Ratio of maximum reconstructed absorption coefficients of malignant to benign.

Figure 7(d) shows an example of an US B-scan of a suspicious lesion located in the left breast of a 56-year-old patient. The size measured by US is 1.8 cm in $x$-dimension. The biopsy result revealed high grade invasive ductal carcinoma. Using US-guided dual-zone reconstruction method, the reconstructed maximum absorption coefficient is $0.22{\mathrm{cm}}^{-1}$ [Fig. 7(a)]. Using NIRFAST with no-prior regularization [Fig. 7(b)] and US prior [Fig. 7(c)], the average maximum absorption coefficients reconstructed (with $\lambda =0.1$, 1, and 10) are 0.136 and $0.18{\mathrm{cm}}^{-1}$, respectively.

Fig. 7

Malignant lesion located in the left breast of a 56-year-old patient shown in ultrasound B-scan. Reconstructed absorption coefficient with (a) US-guided dual-zone mesh method, (b) no prior, and (c) US prior are shown for different regularization parameter $\lambda$.

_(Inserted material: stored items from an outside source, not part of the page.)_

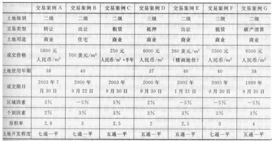 5.A市政府招待所與政府脫鉤,擬組建股份制公司繼續(xù)經(jīng)營,委托某土地評估機構(gòu)進行評估,用于辦理用地手續(xù),評估基準(zhǔn)日確定為2004年1月31日,評估人員確定采用基準(zhǔn)地價系數(shù)修正法和市場比較法作為評估的基本方法,確定宗地屬于商業(yè)用地二級區(qū),并在該招待所附近地區(qū)調(diào)查選取了7宗類似房地產(chǎn)的交易實例作為交易案例,請選擇三個交易案例作為比較實例并計算出該招待所宗地內(nèi)“七通一平”條件下的土地使用權(quán)價格。
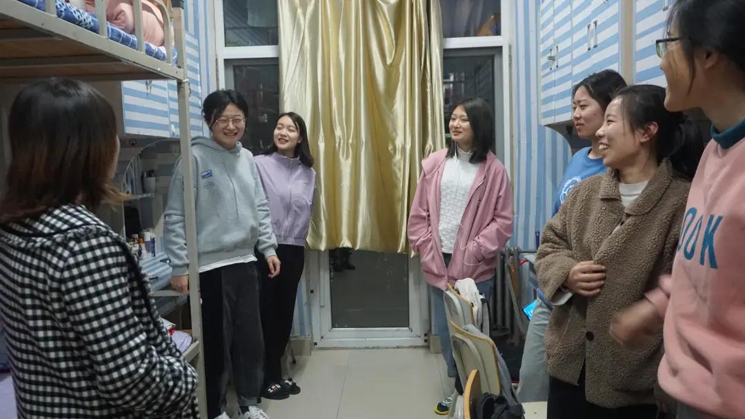 在走访过程中,蔡萌详细了解学生当前的学习生活情况及返校感受,叮嘱同学们不可有懈怠心理,要尽快从假期的状态调整过来,以崭新的面貌投入到学习生活中去。她向大家仔细介绍了考研方面的知识,帮助同学们了解考研情况,选择正确的专业学习方向。她还鼓励大家主动参加集体活动,提高综合素质,向德智体美劳全面发展。此外,她要求每个同学必须严格遵守疫情防控期间的校园管理要求,做好自我管理和个人防护,注意宿舍卫生整洁。
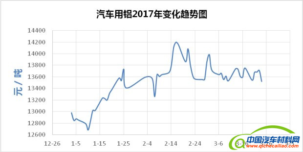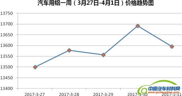 汽车用铝本周内价格变化如下:3月27日-28日,价格小幅上涨;28-29日价格略有下跌;29-30日价格上涨,1天内涨幅为135.6元/吨;30-31日价格有所下跌。汽车用铝本周均价为13584.4元/吨,较上周下跌0.32%。
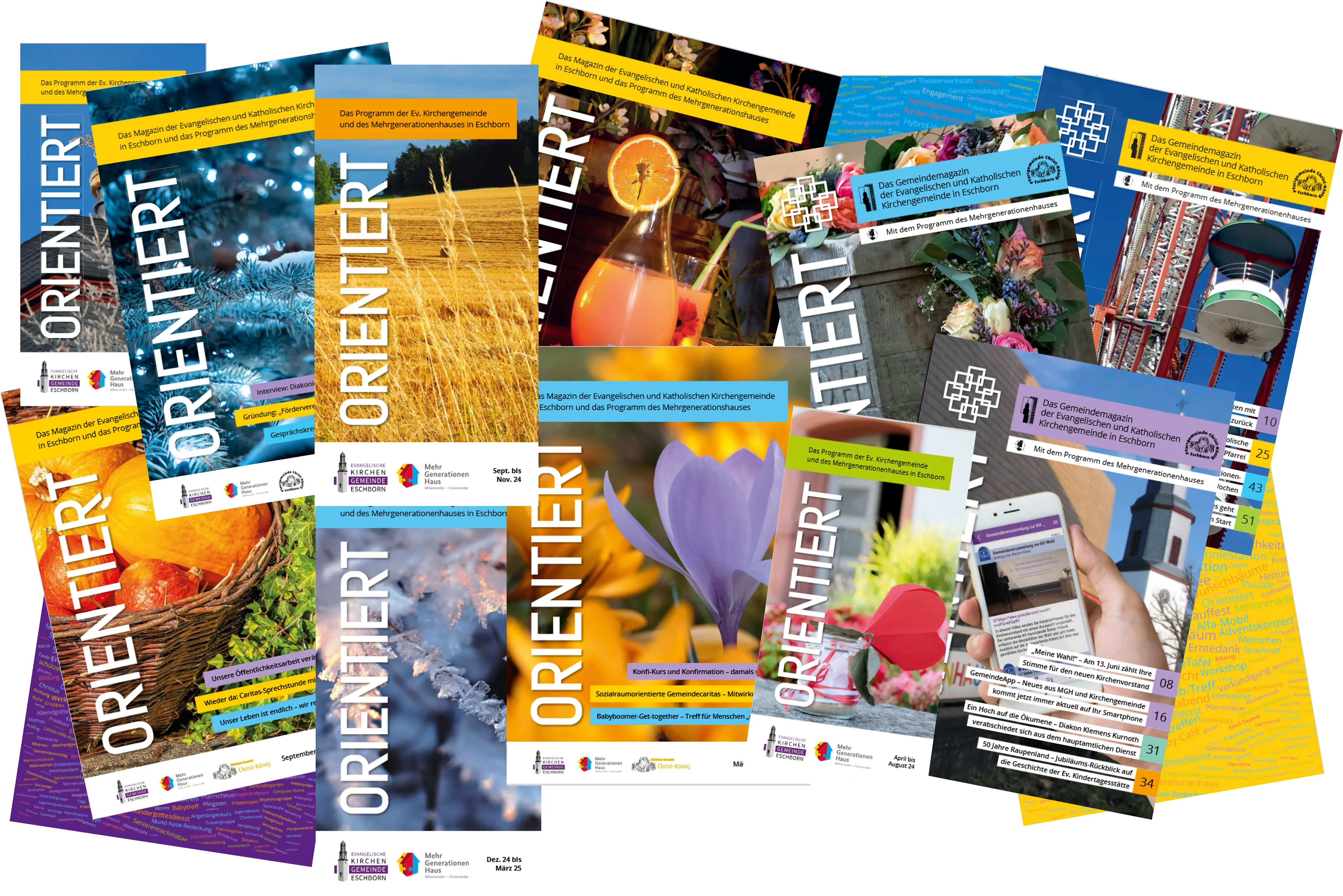 Das Gemeindemagazin "Orientiert" wurde im Dezember 2023 das letzte Mal an alle Haushalte im Bereich unserer Kirchengemeinde in Eschborn verteilt. Danach, also seit Palmsonntag 2024 liegt es drei Mal im Jahr dem Stadtspiegel bei und ist abholbereit im Gemeindebüro in der Hauptstraße 18 und am Schaukasten am Gemeindehaus.

Figure 8(d) shows another example of a suspicious lesion seen in the right breast of a 44-year-old patient. The size measured by US is 2.2 cm in $x$-dimension. Biopsy result revealed benign fibrocystic changes. The maximum reconstructed absorption coefficient is $0.101{\mathrm{cm}}^{-1}$ using the US-guided dual-zone reconstruction method. Similar results are obtained using NIRFAST with no prior and with US prior, the maximum absorption coefficients reconstructed (averaged for $\lambda =0.1$, 1, and 10) are 0.072 and $0.096{\mathrm{cm}}^{-1}$, respectively.

Fig. 8

A benign lesion in the right breast of a 44-year-old patient shown in ultrasound B-scan. Reconstructed absorption coefficient with (a) US-guided dual-zone mesh method, (b) no prior, and (c) US prior are shown for different regularization parameter $\lambda$.